Because I’ve always been intimidated by dried beans, I thought it might be a good idea to join the Rancho Gordo Bean Club. The company has a well-deserved reputation for high-quality products and offers a wide variety of heirloom beans, many of which cannot be found on supermarket shelves. So, when, after two years on their waiting list, they notified me a club membership was available, I quickly signed up for quarterly shipments of six packs of beans. To date, I’ve received three deliveries and have only cooked four packs of beans, the last of which inspired today’s post: Royal Corona Bean and Wild Mushroom Stew.
Having had some success with my three previous segues into bean cooking, I decided to attempt something more daring. Rather than following the package direction for cooking the beans, I used a recipe from Alison Roman that called for cooking the beans without soaking them, uncovered, at a bare simmer for one to two hours in a rather unorthodox broth.
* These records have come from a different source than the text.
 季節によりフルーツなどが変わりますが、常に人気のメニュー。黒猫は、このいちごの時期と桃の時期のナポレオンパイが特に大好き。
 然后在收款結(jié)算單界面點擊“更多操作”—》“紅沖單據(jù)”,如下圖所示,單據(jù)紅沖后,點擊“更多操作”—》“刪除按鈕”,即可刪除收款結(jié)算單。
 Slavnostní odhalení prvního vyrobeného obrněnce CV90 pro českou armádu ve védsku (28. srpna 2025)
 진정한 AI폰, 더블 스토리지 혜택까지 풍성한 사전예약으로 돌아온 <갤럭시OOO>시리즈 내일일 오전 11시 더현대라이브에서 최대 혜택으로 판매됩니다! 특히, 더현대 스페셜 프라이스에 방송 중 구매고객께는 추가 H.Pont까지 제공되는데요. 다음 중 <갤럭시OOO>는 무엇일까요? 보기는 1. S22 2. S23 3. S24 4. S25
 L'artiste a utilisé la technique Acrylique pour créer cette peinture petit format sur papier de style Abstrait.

In addition, the bean-stew recipe from the Rancho Gordo newsletter called for a couple of brand-name ingredients as well as for Swiss chard that I didn’t have on hand. But being in a daring mood, I decided to make some substitutions.
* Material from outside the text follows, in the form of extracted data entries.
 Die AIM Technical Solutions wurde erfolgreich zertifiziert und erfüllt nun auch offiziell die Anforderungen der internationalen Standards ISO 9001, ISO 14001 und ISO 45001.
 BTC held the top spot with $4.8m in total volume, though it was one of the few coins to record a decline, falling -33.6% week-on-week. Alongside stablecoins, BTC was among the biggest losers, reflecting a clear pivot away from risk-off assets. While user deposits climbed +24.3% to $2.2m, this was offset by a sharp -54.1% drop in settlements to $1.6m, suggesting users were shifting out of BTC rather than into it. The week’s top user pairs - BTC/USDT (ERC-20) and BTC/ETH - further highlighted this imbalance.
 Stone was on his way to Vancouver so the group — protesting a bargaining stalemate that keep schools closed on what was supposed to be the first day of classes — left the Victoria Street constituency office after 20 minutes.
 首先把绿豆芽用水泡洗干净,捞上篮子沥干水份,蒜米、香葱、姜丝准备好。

Well, my intrepid foray into bean cooking hit a few snags along the way. My beans took close to five and a half hours to cook and still were a little more al dente than I would have preferred. Likewise, the supermarket’s replacement of baby kale for the fresh kale I ordered didn’t deliver the flavor or texture I had expected. On the brighter side of things, however, the cooking method of the beans yielded a mighty flavorful broth owing largely to its use of caramelized onions, garlic, and lemon along with dried chiles. Similarly, my substituting more dried porcini for the recipe’s brand-name seasoning blend as well as replacing the called for miso with tahini spiked with soy sauce gave the stew the woodsy and umami flavors I was looking for.